Work to be completed
The whole listing, exactly as given: write it out, leaving out each image.

Dataset content
----------------------------------------
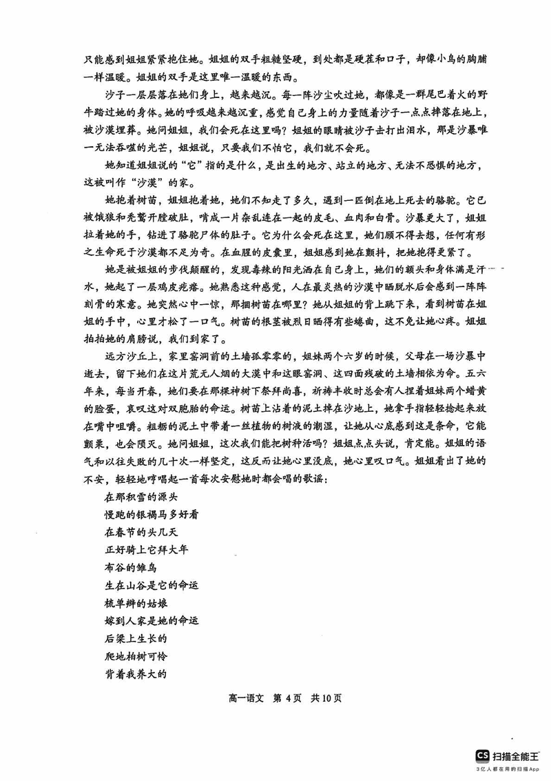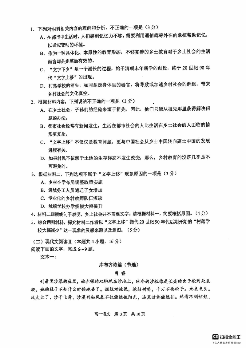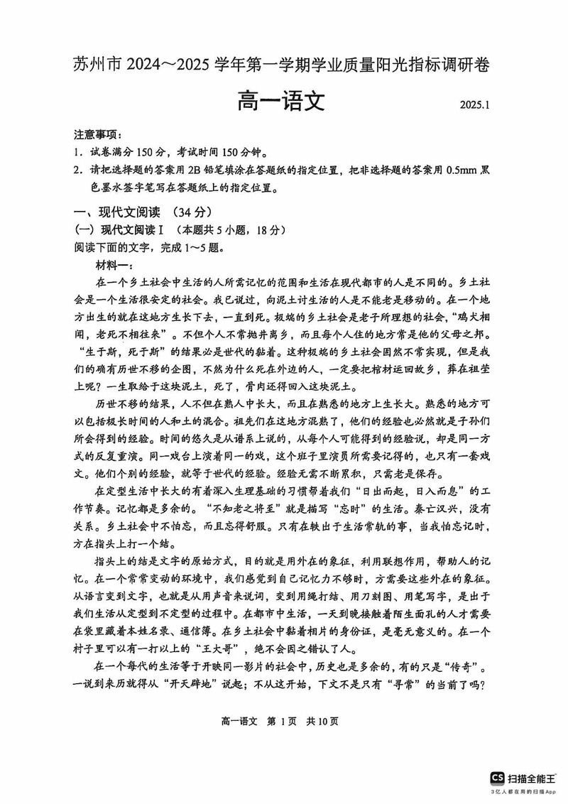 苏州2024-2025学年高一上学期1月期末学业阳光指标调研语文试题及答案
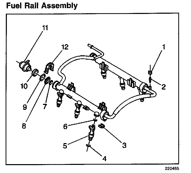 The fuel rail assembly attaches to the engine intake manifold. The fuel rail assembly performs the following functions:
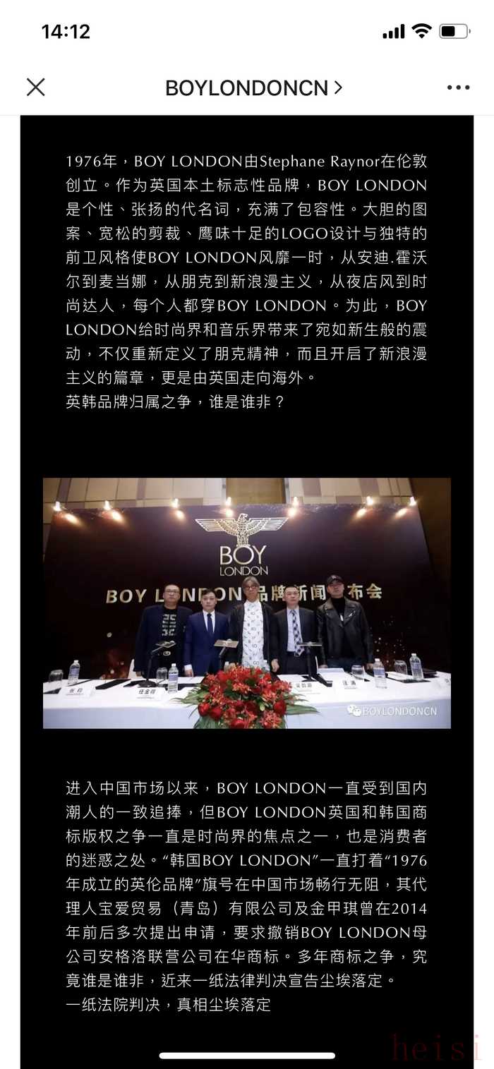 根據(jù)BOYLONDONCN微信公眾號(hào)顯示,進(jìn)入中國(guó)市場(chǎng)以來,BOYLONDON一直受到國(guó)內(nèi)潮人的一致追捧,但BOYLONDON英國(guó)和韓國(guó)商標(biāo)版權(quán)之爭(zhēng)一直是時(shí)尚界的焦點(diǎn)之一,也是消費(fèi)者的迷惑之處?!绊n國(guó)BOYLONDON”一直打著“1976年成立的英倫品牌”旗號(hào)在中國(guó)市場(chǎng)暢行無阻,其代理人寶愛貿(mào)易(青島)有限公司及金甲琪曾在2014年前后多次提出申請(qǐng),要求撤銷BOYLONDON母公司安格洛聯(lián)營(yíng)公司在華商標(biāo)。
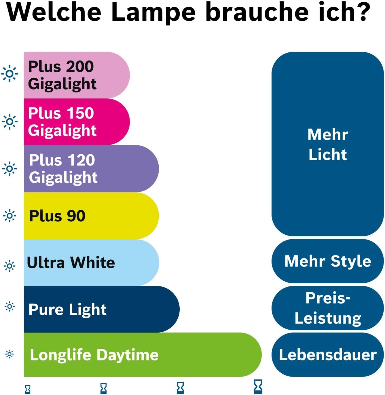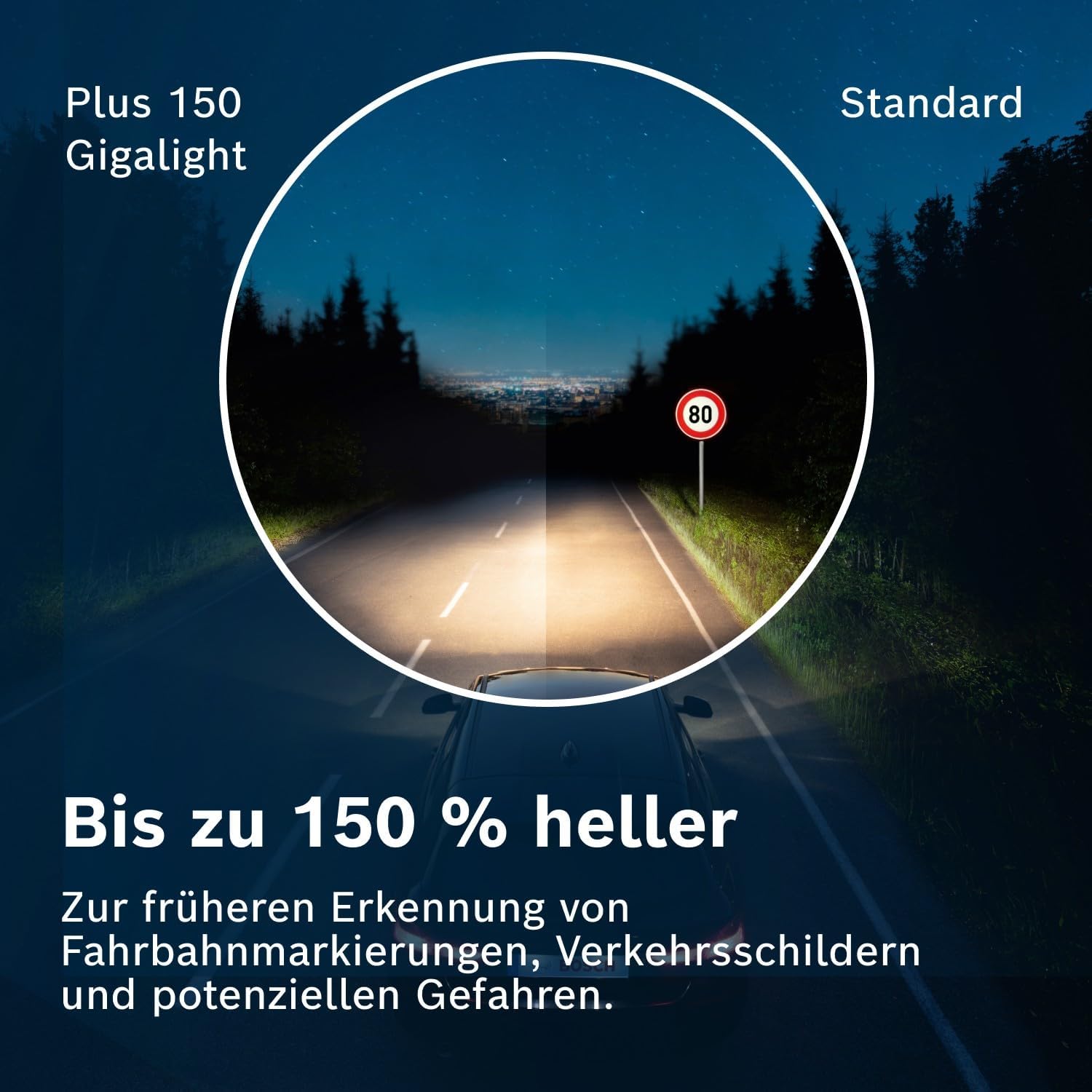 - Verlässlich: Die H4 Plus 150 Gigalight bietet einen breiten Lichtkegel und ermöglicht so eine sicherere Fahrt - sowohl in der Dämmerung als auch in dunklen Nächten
----------------------------------------
Answer
 苏州2024-2025学年高一上学期1月期末学业阳光指标调研语文试题及答案
 The fuel rail assembly attaches to the engine intake manifold. The fuel rail assembly performs the following functions:
 根據(jù)BOYLONDONCN微信公眾號(hào)顯示,進(jìn)入中國(guó)市場(chǎng)以來,BOYLONDON一直受到國(guó)內(nèi)潮人的一致追捧,但BOYLONDON英國(guó)和韓國(guó)商標(biāo)版權(quán)之爭(zhēng)一直是時(shí)尚界的焦點(diǎn)之一,也是消費(fèi)者的迷惑之處?!绊n國(guó)BOYLONDON”一直打著“1976年成立的英倫品牌”旗號(hào)在中國(guó)市場(chǎng)暢行無阻,其代理人寶愛貿(mào)易(青島)有限公司及金甲琪曾在2014年前后多次提出申請(qǐng),要求撤銷BOYLONDON母公司安格洛聯(lián)營(yíng)公司在華商標(biāo)。
 - Verlässlich: Die H4 Plus 150 Gigalight bietet einen breiten Lichtkegel und ermöglicht so eine sicherere Fahrt - sowohl in der Dämmerung als auch in dunklen Nächten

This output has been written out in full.